She entered Scripps College, in Pomona, intending to study art. But after taking a class with Robert Palmer, a classics professor, she switched majors, graduating with a degree in classics in 1958. The year before, she had married a fellow student, Herman J. Ruether, who was studying political science.

Along with her daughter Mimi, she is survived by Mr. Ruether; another daughter, Rebecca; her son, David; and two grandchildren.

She remained in Pomona for graduate school, receiving a master’s degree in classics and Roman history from the Claremont Graduate School in 1960 and a doctorate in classics and patristics from the Claremont School of Theology in 1965.

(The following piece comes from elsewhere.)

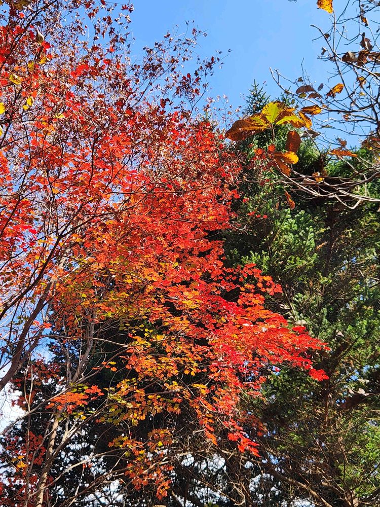 青空と紅葉🍁と黄色、緑••••このコントラストは、大好きなんです💓♥️❤️🎵

By then she had given birth to her three children, and she had also lost her job at Immaculate Heart College; it was the last time she would teach at a Catholic institution. After a summer as a civil rights worker in Mississippi, she accepted a position teaching at Howard University, a historically Black institution.

While in Mississippi, she had first encountered the early stages of the Black Power movement. She engaged with it more fully at Howard.

“What you experienced in Mississippi was looking at the United States from the Southern Black side,” she told Conscience magazine. “You see the white dominance and the racism. That has always been very important to me in terms of social justice: that you put yourself on the other side and you see things from the context of the oppressed.”

Off campus, she participated in antiwar and civil rights protests, and more than once she ended up in jail. But her scholarship was of a sufficient caliber that she was invited to be a visiting professor at Harvard Divinity School in 1972, with the understanding that she was trying out for a possible faculty job.